Мое дыхание перехватило, когда началась следующая песня, и мы приблизились к забитому бару. Она была медленной и полной эмоций. В его голосе слышалась боль, которая обжигала меня. Я косо посмотрела на людей, мимо которых мы проходили, наблюдая, как они поют песню вместе с ним с торжественными лицами. Они знали ее, она не была новой. Все еще не переводя взгляд на сцену, я позволила его тембру проникнуть в каждую клеточку моего тела. Он пел о ночи на парковке, внезапно дошло до меня. Он пел о том, как нуждался во мне и стыдился этого. Он пел о попытке бросить меня, как это сломало его. Он пел о слезах при нашем последнем поцелуе… Затем текст пошел о том, что он чувствовал сейчас.
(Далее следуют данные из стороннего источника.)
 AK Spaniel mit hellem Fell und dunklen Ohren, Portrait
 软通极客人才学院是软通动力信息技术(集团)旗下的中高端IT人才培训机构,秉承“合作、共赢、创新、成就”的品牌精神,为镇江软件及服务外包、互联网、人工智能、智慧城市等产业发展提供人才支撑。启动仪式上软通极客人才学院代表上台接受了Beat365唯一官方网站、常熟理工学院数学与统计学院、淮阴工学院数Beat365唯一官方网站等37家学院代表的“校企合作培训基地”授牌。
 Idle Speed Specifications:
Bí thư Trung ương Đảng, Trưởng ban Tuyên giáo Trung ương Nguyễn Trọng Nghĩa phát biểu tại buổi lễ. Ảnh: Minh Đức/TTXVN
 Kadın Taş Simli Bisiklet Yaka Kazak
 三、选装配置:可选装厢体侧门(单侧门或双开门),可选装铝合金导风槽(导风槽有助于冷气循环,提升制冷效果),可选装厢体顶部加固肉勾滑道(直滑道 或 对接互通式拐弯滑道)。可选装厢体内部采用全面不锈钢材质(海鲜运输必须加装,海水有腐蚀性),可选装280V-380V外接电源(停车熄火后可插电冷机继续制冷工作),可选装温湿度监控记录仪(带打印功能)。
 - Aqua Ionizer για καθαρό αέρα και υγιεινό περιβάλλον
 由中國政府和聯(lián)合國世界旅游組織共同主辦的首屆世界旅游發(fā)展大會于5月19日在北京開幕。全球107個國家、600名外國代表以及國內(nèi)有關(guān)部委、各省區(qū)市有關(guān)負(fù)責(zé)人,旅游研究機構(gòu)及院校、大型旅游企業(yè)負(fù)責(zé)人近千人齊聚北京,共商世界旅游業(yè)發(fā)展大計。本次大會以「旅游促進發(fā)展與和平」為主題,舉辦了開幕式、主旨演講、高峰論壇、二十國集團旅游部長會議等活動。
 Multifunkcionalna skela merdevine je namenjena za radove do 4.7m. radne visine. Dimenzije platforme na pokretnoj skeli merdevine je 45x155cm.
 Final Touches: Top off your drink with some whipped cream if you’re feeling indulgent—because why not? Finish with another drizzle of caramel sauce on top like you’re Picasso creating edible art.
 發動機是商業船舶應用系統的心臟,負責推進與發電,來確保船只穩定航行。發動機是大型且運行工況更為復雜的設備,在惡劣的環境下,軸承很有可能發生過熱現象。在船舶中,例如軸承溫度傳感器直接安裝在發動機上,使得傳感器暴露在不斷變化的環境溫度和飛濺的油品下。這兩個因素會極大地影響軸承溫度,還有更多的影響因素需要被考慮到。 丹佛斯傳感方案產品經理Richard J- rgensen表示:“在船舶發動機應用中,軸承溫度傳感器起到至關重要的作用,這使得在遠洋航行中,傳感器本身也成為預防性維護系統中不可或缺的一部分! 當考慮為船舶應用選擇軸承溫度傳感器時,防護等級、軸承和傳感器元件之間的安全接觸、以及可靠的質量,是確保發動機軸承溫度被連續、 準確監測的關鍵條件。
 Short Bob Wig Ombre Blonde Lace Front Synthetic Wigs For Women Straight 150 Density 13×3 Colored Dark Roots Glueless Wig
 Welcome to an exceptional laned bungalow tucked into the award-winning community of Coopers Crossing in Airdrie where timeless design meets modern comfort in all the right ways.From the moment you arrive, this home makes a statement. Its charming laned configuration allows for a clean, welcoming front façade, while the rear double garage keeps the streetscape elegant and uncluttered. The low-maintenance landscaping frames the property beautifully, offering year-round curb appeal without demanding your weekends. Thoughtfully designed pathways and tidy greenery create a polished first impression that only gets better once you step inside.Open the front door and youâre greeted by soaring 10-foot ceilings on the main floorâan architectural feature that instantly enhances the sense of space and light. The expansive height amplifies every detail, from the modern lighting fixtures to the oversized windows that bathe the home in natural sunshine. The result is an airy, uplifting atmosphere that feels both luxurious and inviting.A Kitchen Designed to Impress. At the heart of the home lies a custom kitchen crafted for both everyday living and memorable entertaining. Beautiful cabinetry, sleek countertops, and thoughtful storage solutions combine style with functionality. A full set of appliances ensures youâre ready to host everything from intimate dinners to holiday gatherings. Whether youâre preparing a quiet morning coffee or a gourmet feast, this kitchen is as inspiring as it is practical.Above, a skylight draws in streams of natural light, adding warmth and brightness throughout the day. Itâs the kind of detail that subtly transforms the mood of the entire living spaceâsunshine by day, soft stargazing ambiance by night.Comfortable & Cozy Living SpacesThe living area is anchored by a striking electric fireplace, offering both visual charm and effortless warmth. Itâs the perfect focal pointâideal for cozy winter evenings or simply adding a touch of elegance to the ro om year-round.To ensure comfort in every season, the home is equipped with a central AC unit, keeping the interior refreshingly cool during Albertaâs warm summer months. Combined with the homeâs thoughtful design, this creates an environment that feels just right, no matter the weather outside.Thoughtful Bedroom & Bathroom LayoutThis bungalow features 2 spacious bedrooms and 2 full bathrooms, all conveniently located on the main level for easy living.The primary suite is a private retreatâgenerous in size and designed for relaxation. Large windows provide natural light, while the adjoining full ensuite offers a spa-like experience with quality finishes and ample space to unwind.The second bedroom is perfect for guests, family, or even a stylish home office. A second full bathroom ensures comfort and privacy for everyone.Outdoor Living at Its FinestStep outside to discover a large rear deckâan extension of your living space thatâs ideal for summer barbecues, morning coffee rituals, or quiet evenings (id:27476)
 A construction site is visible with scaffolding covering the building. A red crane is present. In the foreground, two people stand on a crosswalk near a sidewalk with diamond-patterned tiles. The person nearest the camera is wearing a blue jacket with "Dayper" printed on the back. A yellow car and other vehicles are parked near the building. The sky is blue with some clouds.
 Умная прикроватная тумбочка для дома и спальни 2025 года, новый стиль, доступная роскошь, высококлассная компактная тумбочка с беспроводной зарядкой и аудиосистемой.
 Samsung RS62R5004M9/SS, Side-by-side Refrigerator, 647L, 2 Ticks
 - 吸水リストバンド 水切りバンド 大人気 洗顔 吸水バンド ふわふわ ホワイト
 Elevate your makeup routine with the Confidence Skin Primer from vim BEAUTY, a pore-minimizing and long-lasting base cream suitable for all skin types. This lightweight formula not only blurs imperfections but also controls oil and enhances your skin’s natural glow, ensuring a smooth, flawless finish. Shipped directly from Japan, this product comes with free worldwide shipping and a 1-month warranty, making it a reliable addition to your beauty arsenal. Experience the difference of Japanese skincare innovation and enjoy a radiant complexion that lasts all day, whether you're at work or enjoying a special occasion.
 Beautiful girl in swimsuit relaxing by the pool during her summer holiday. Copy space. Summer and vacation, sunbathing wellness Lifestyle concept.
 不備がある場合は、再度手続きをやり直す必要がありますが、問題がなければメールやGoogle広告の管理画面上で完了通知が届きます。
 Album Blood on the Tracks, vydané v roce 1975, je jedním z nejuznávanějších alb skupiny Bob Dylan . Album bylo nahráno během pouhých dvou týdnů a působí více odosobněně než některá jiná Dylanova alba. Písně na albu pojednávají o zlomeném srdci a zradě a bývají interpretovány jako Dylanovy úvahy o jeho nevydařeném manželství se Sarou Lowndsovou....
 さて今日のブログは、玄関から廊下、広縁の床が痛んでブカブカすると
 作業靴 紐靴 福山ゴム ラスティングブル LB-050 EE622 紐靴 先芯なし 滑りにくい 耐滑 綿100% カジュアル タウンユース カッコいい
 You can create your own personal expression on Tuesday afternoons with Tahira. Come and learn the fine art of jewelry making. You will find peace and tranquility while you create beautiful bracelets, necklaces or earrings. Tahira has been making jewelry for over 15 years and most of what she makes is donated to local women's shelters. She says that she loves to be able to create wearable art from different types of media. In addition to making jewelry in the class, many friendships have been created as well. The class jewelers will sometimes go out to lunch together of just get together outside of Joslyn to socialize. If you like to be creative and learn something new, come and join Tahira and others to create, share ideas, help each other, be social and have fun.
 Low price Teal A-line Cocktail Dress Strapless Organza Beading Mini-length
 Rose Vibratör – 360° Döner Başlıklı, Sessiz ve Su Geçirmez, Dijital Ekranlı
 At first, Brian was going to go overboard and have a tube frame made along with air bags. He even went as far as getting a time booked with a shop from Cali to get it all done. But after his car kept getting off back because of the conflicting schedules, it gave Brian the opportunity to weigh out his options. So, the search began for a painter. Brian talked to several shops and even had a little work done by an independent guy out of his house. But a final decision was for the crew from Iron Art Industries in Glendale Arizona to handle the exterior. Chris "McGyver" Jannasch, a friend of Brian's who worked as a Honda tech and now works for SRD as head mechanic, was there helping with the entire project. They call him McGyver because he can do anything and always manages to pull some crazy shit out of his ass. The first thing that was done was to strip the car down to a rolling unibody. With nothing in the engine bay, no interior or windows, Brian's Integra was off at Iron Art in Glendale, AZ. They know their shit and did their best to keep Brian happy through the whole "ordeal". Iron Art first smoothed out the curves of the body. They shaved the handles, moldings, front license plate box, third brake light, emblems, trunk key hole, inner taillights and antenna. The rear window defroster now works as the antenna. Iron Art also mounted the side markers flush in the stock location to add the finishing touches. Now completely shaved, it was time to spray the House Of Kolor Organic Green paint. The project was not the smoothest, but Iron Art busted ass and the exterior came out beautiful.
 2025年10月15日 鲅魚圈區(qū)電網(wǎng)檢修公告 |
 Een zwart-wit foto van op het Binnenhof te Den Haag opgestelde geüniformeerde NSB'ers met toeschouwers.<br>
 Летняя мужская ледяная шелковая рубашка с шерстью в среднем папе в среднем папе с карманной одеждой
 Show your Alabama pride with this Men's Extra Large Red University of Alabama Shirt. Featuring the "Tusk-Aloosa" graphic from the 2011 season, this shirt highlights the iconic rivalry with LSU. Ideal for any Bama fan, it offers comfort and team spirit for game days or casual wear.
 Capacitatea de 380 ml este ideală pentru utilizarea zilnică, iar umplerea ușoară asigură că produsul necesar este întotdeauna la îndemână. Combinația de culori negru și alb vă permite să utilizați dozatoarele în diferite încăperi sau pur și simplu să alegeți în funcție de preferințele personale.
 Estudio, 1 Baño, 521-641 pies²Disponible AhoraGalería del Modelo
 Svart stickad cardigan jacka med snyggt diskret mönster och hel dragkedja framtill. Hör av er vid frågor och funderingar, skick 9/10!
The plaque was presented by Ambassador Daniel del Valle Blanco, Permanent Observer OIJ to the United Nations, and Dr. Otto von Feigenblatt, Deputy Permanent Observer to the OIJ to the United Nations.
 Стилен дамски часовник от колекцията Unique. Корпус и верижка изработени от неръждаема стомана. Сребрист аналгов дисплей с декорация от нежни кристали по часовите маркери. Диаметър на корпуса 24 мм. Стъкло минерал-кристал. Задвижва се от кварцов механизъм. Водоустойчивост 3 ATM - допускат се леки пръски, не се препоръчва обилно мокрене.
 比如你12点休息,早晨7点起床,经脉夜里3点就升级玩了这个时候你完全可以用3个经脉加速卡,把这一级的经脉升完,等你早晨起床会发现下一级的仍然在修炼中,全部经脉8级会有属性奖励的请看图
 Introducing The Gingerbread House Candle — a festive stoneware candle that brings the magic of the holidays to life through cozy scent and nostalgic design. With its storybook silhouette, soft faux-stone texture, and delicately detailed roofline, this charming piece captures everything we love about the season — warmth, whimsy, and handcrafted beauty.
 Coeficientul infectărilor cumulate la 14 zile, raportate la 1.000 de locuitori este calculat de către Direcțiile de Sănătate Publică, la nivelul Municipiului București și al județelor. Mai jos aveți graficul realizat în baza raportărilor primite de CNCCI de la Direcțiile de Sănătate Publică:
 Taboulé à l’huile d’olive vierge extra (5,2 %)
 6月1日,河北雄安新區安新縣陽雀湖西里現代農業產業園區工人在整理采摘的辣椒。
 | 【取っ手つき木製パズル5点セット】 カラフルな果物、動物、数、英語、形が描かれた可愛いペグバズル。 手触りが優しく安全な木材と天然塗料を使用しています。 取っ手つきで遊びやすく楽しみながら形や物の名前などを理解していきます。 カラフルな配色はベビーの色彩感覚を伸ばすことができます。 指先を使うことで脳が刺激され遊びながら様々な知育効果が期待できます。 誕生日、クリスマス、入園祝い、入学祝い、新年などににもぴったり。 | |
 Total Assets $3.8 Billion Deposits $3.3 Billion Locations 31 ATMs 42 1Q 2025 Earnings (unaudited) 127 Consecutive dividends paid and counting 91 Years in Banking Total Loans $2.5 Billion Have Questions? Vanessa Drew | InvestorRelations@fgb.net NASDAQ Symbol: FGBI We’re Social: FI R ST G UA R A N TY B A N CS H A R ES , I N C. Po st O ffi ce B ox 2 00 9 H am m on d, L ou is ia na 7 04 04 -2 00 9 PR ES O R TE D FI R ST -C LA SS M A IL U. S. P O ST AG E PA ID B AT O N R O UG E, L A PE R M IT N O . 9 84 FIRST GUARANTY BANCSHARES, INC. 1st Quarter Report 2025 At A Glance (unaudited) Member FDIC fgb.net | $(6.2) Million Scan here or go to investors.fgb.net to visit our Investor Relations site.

Тогда-то я и посмотрела на него.
Глаза парня были закрыты. Он пока не замечал моего приближения. После того, как я не видела его месяцами, его идеальность чуть не подогнула мне ноги, будто я могла ослепнуть, если не осмотрю каждую его деталь. Простые джинсы — облегающие, потертые джинсы, которые выглядели чуть более поношенными, чем обычно. Простая футболка, которую он любил носить — без рисунков и вышивки — обычная, черная, идеально облегающая его. Красиво загорелые руки, левая полностью зажила и была без гипса, сильные ладони, вцепившиеся в микрофон, пока он пел. Невероятно сексуальные и взъерошенные волосы, немного длиннее, чем я помнила, но все рано беспорядочные, напоминающие о множествах интимных моментов, быстро проносящихся в моей голове и теле. Киношный подбородок, который впервые был покрыт легкой щетиной, будто ему стало плевать на свою ухоженность — она лишь подчеркивала мужественность и делала его даже более привлекательным, как бы невероятно это не звучало. Полные губы без следа сексуальной ухмылки, с которой он обычно пел. Наклон его носа. Идеальные скулы. Длинные ресницы прикрытых век, скрывающих поразительную синеву за ними.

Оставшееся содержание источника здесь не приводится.